All cases of severe malaria were due to P. falciparum, except one case attributed to P. vivax. Fifteen patients received exchange blood transfusion (10 cases) or red cell exchange (5 cases). Eleven of these patients had levels of parasitemia ≥10% (10%–40%, media 21.3%), and four patients had lower parasitemia level (1, 2, 7, and 8%, respectively), all of them with good resolution. Three women were www.selleckchem.com/products/ch5424802.html pregnant (weeks 5, 6, and 35) at the moment of the diagnosis, all of them infected
with P. falciparum. No case of congenital malaria was reported, but one of these women (week 5) suffered an abort. Other complications observed are listed in Table 4. Seven deaths were observed (mortality rate 3.8%), all due to P. falciparum: six foreign sailors and a recently arrived immigrant woman with polymyositis. Malaria in our region is imported from endemic areas and more frequent Doxorubicin chemical structure in young male travelers. This is the predominant pattern of malaria in Spain (Table 5). However, there are differences among groups of patients pertaining to their origin and travel purposes. Plasmodium falciparum was the most frequent species in our region, because a vast majority of cases are coming from the
African continent, as it is the case in Europe.
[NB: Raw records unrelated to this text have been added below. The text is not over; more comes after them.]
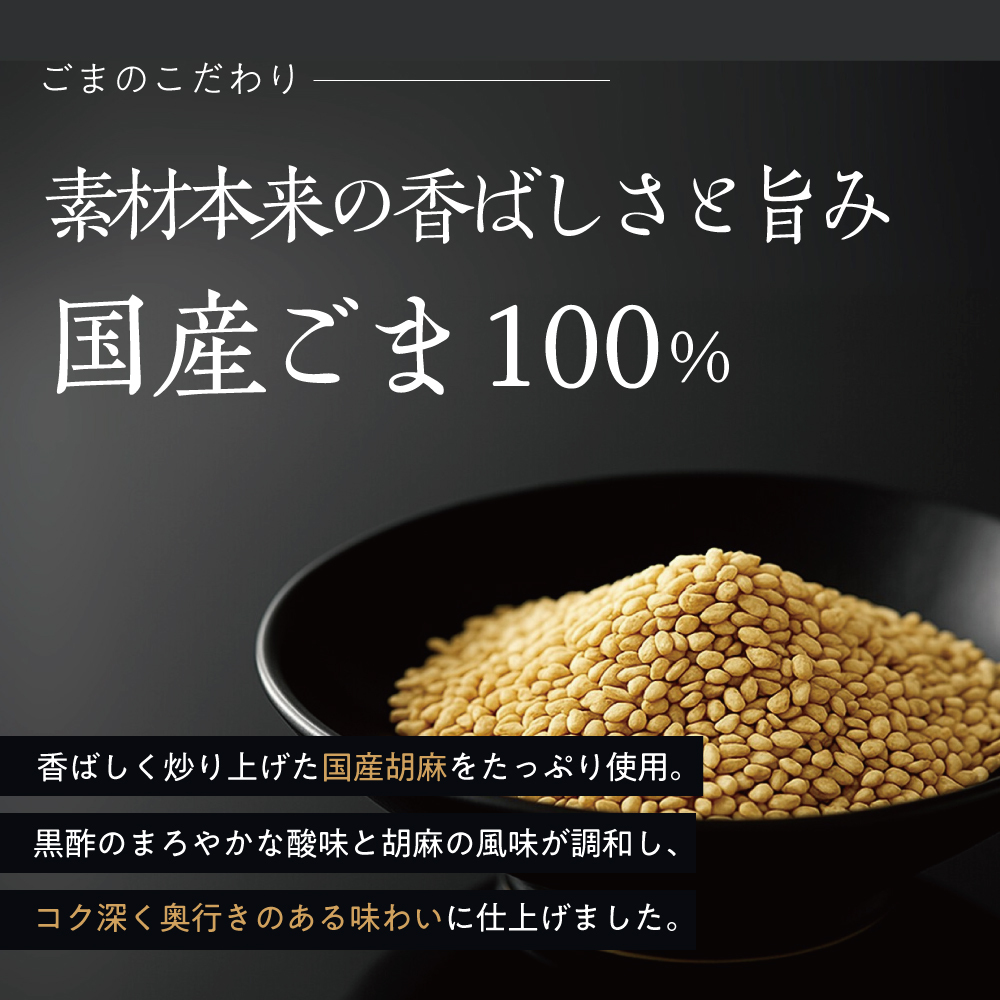 「胡麻」をふんだんに使用して作った黒酢ぽん酢です。凝縮されたうまみをご堪能ください。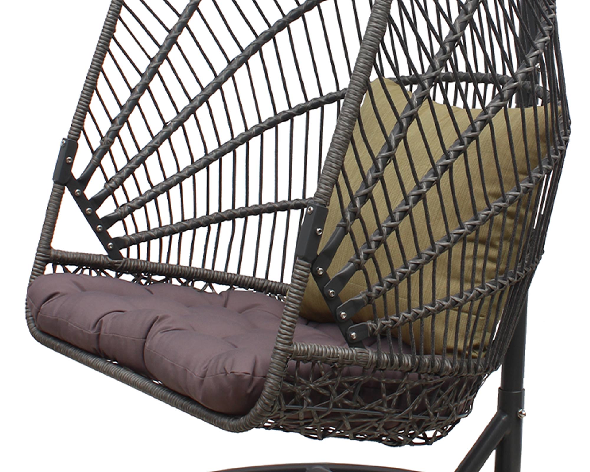 Poltrona Nido ERIS con struttura portante in metallo antracite e fibra grigio melange, perfetta per chi vuole arredare con orginalità ed eleganza terrazzo o giardino, può sostenere sino a 120 kg. Una poltrona a dondolo comoda ed accogliente, per i tuoi momenti di relax all’aperto. Resistente alle intemperie e comoda nella seduta, grazie a due morbidi cuscini in due colori coordinati, la sedia a dondolo sospesa ERIS ha un design elegante e discreto che la rende perfetta per l’esterno ma anche per creare un angolo relax in casa.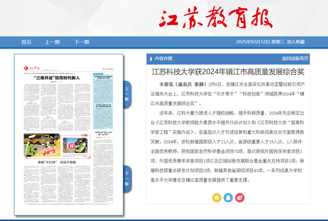 近年来,江科大着力推进人才强校战略,提升科研质量,2024年先后制定出台《安博网页版登录入口教师能力素质水平提升行动计划》和《安博网页版登录入口“首席科学家工程”实施办法》,在高层次人才引进培育和重大科研成果攻关方面取得新突破。2024年,该校新增国家级人才11人次、省部级重要人才19人次,1人获评全国优秀教师;获批国家自然科学基金项目73项,首次获批外国资深学者项目1项、外国优秀青年学者项目1项以及区域创新发展联合基金重点支持项目1项;新增科技部重点研发计划项目2项,新增其他省部级项目41项。一系列成果为学校高水平大学建设及镇江高质量发展提供了重要支撑。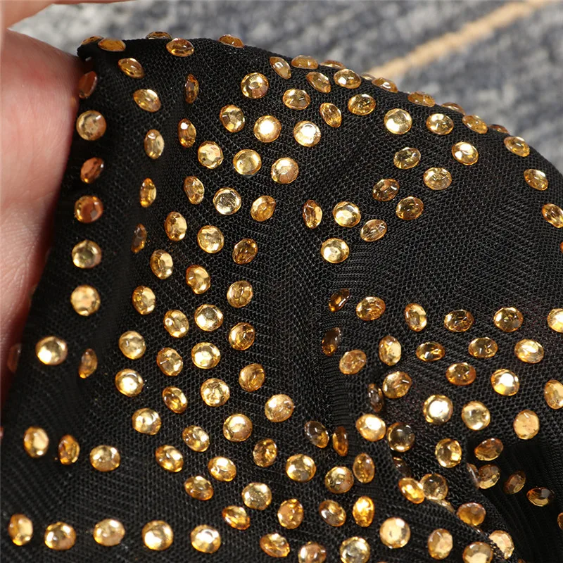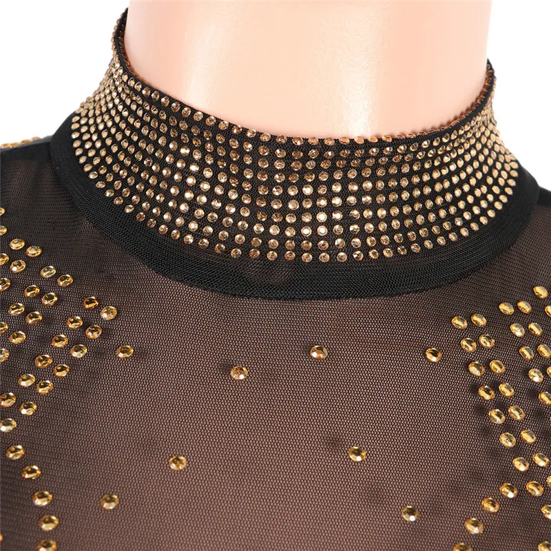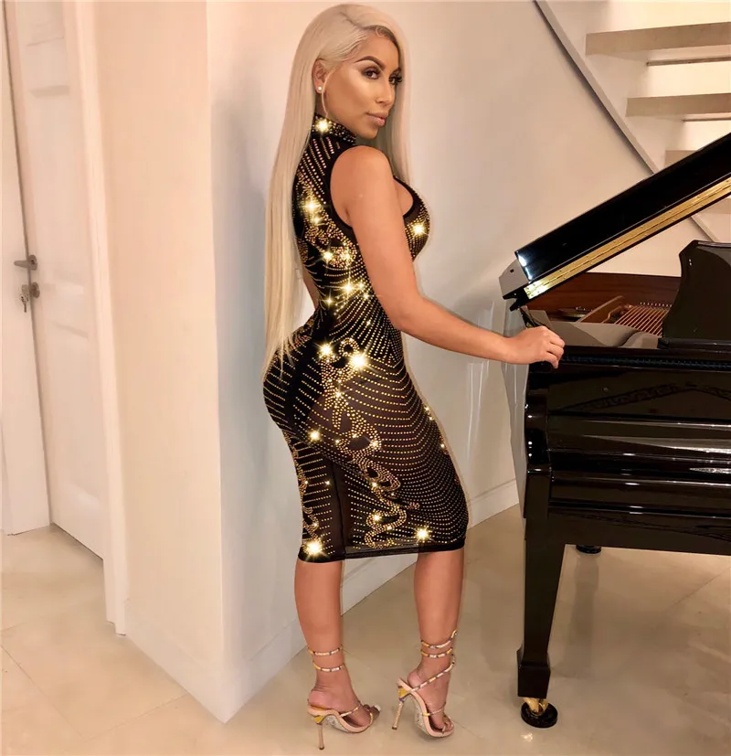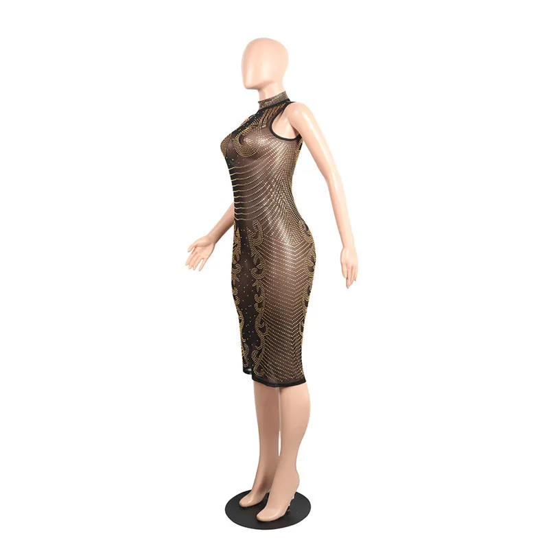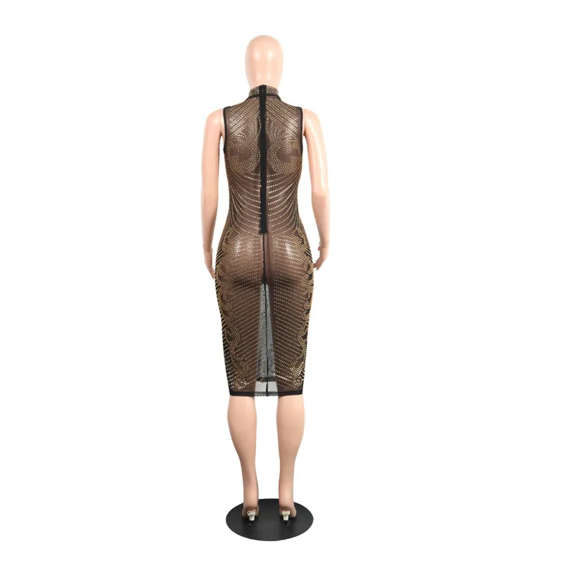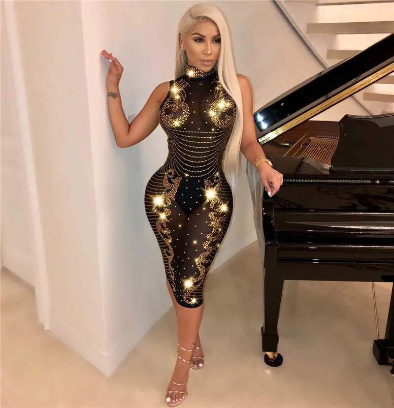 Women Party Clubwear Sexy Sheer Mesh Dress Rhinestone Diamonds Sleeveless See Through Knee Length Black Sparkly Bodycon Dress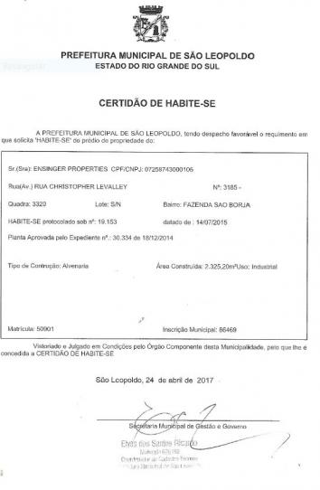 Entregamos mais uma Carta de Habite-se de 2.325m² para a Indústria Ensinger, na cidade de São Leopoldo.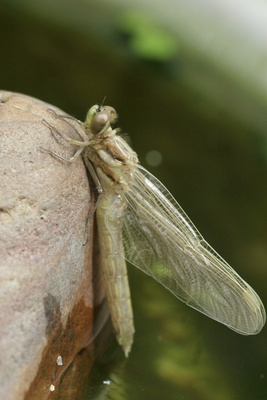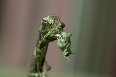 ナツアカネ 蛹の殻から抜け出す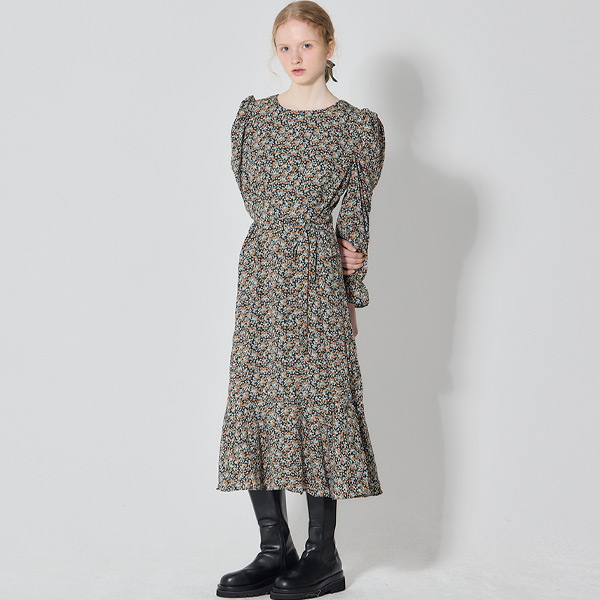 [오조크(OZOC)] 퍼프 소매 플로럴 원피스 (택가격: 87000원)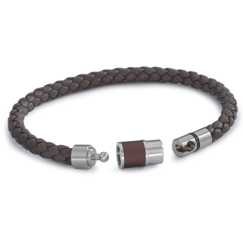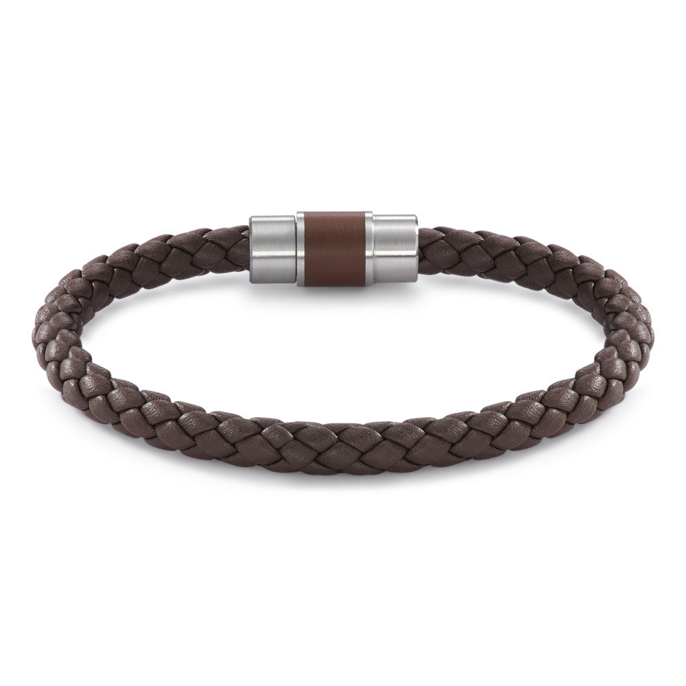 This men's bracelet combines braided brown leather with sleek stainless steel and ceramic accents for a modern, sophisticated look. Perfect for everyday wear, its durable materials ensure style and comfort all day long. A versatile accessory for any outfit.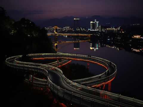 从凝翠阁下来走玻璃栈道。有很长的一条步行道,玻璃栈道只是一小段,自取鞋套走过去。在步行道上可以远眺索桥,沙县小城的夜景尽收眼底。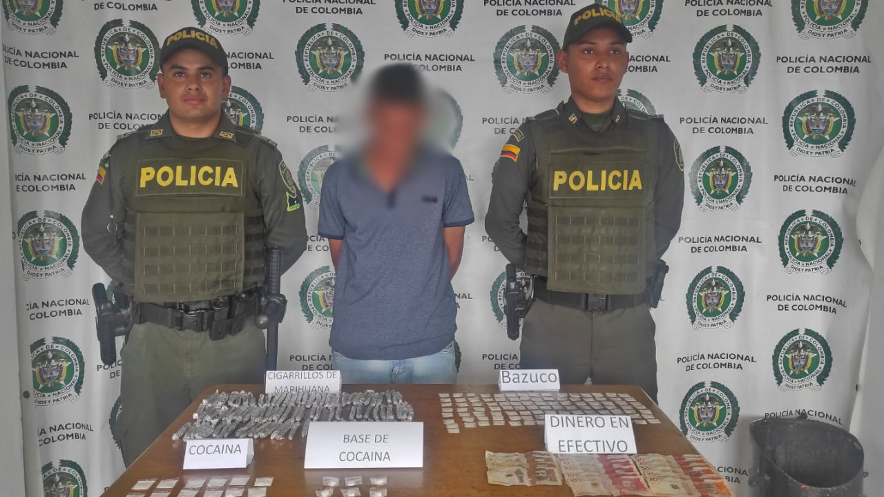 A este sujeto le incautaron 53 gramos de bazuco, 12 gramos de clorhidrato de cocaína, 06 gramos de base de coca y 35 gramos de marihuana.
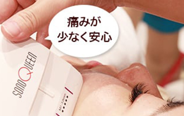 ソノクイーンは、従来のHIFUマシンに比べ痛みが大幅に軽減されダウンタイムも少ない施術法です。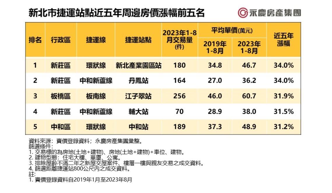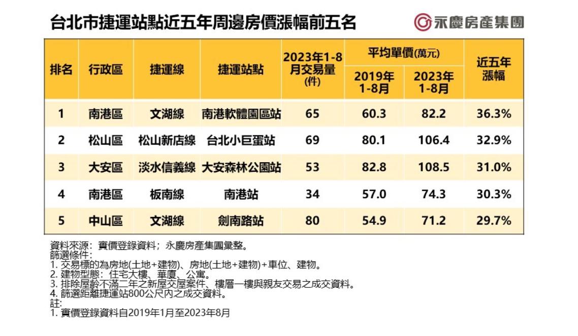 永慶房產集團根據實價登錄資料,分別統計台北市與新北市各捷運站點周邊房價五年漲幅前五名。其中,南港軟體園區站漲幅36.3%居冠,新北市則由新莊區的新北產業園區站及丹鳳站房價漲幅逾三成並列新北第一。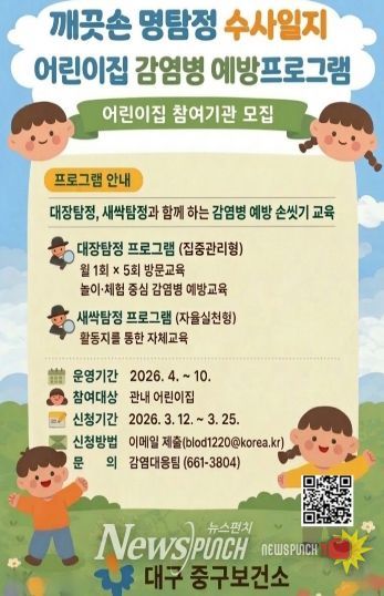 뉴스펀치 조평훈 기자 | 대구 중구보건소(소장 황석선)는 영유아의 올바른 손씻기 습관 형성과 감염병 예방 인식 향상을 위해 어린이집 대상 교육 프로그램 ‘깨끗손 명탐정 세균 수사일지’를 운영한다.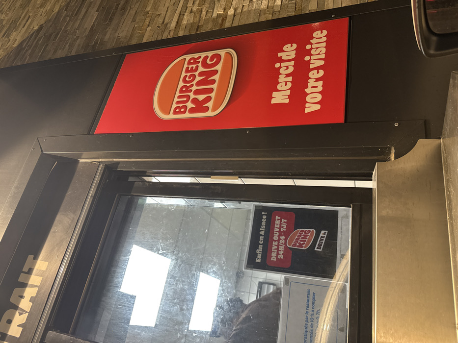 Burger King drive-through window. Above the window, there is a red sign with the Burger King logo and the French phrase "Merci de votre visite," which translates to "Thank you for your visit." The window has a sign that reads "Enfin en Alsace! DRIVE OUVERT 24H/24-7J/7," indicating the drive-through is open 24/7. There is also a small sign with fine print partially obscured by reflections.

However, unlike other European countries with a higher account of cases from Nigeria and Ghana,35,36 imported malaria from Equatorial Guinea, Senegal, and Mauritania is much more common in Spain.12–19,27,28 Political and geographical reasons could explain in part this fact: Equatorial Guinea was a Spanish colony until 1960s, and Senegal and Mauritania are geographically and commercially really close to the Canary Islands. next During the first period of the study, tourists and business travelers were the group with more cases, but since the year 2000, diagnosis in this group is decreasing. The last years of the study (2001–2006) showed that malaria cases are increasing among recently arrived immigrants and VFR (Figure 2). This fact reveals the importance of malaria suspicion in these individuals, considering that classic signs
and symptoms, mainly in children, are not always present; even in febrile travelers, a recent French study concludes that no single clinical or biological feature has both good sensitivity and specificity to predict malaria.37 For these reasons, we consider that a malaria diagnosis must not be ruled out in immigrant patients without fever or with levels of parasitemia so low that they could not be shown with light microscopy. In these cases, the performance of molecular biology tests such as PCR seems to be very useful. Anemia and thrombocytopenia are common laboratory findings, but it is necessary to look for other concomitant infections if high leukocyte count is observed.30 Severe malaria due to non-P. falciparum species is not frequent, but possible. We described one P.